The most legendary of all Austrian desserts: Kaiserschmarrn is something like a torn omelette. Its origin, in fact, is somewhat legendary itself: Torn omelettes (“Schmarrn”) already had a longstanding tradition when Austria’s last “real” emperor, Franz Joseph I demanded one such thing for dessert. His cook quickly created this simple Schmarrn from few ingredients. Inspired by the milk, he named it “Käser Schmarrn” (Cheesemaker’s Schmarrn), which the old emperor misunderstood as “Kaiserschmarrn” (Emperor’s Schmarrn).

Since you don’t disagree with an emperor, the dish became known as just that. “Schmarrn” is also used in colloquial German like “rubbish” in English, describing inaccurate information or stories. I think that the legend of the name Kaiserschmarrn is just that…nevertheless, it makes a good story.


Ingredients (for 4 people):

  • 20 grams of raisins
  • 1/3 cup rum
  • 500 ml milk
  • 8 eggs
  • 6 table spoons sugar
  • 1 teaspoon vanilla extract
  • 1 teaspoon of salt
  • 250g all-purpose flour
  • 4 tablespoons butter
  • 2 tablespoon butter, melted
  • 1/2 cup confectioners’ sugar, plus more for dusting
  • plum preserves for serving


How to prepare Kaiserschmarrn:

In a small bowl, combine raisins with rum and let soak 30 minutes then drain.

In a medium mixing bowl, beat together the milk, eggs, white sugar, vanilla, and salt. Gradually whisk in the flour to make a smooth batter.
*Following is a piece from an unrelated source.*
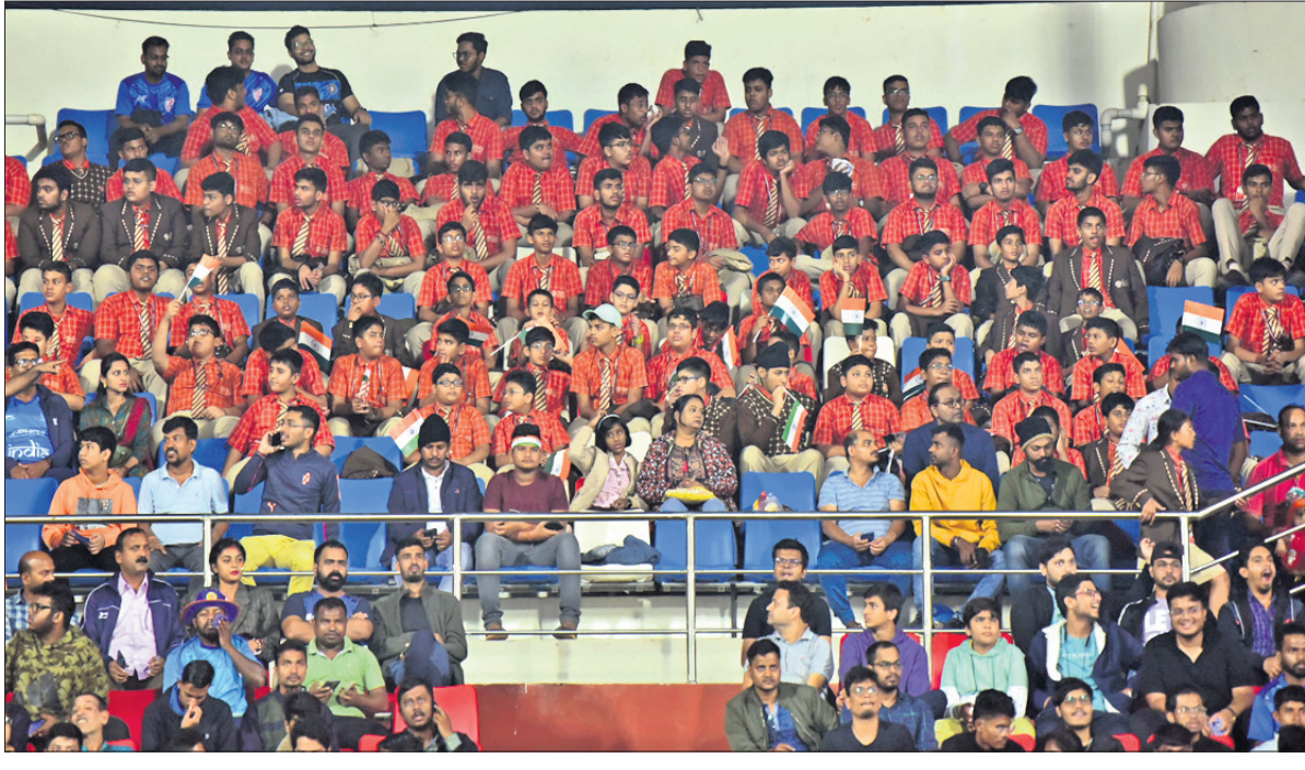
କଳିଙ୍ଗ ଷ୍ଟାଡିୟମରେ ମଙ୍ଗଳବାର ଭାରତ-କାତାର ପୁରବଳ ମ୍ୟାଚକୁ ଖୁଲ୍ ପିଲାମାନେ ଉପଭୋଗ କରୁଛନ୍ତି।

ମାର୍କସ୍ ଷ୍ଟୋଇନିସ୍ ଓ ଆତମ ଜାମ୍ପା ଦଳ ସହିତ ରହିଛନ୍ତି। ଅଷ୍ଟ୍ରେଲିଆ ଦଳ: ମାଥ୍ୟୁ ଫ୍ରେଡ୍(ଅଧିନାୟକ), ଆରୋନ ହାର୍ଡି, ଜାସନ୍ ବେହେନ୍ଡ୍ରାଫ୍, ନ୍ ଆବୋର୍, ଟ୍ରେଭିସ୍ ହେଡ୍, ଜୋଶ ଇଲିଶ, ରୋବ୍ ମ୍ୟାକ୍ଗ୍ରୋ, ଷ୍ଟିଭ୍ ବ୍ଲିଥ୍, ଆତମ ଜାମ୍ପା, ଟିମ୍ ଡେଭିଡ୍, ନାଥାନ ସ୍କିଲିସ୍, ଡେଭିଡ୍ ସାଂସା, ମ୍ୟାକ୍ ଶର୍ଟ, କେନ୍ ରିଚାର୍ଡସନ୍।

Stir in the drained raisins.

In a large skillet melt 2 tablespoons butter over medium heat. Pour the batter into the skillet and cook 5 to 6 minutes, or until the pancake has set and the bottom is golden brown. Turn over the pancake and cook 3 minutes, or until this side is also golden brown. Using a spatula or two forks, tear the pancake into bite-size pieces. Drizzle in the melted butter and sprinkle with confectioners’ sugar. Turn up the heat to medium high and use a spatula to gently toss the pieces for 5 minutes, or until the sugar has caramelized. Sprinkle with additional confectioners’ sugar and serve with “Zwetschkenröster“, a kind of plum preserves.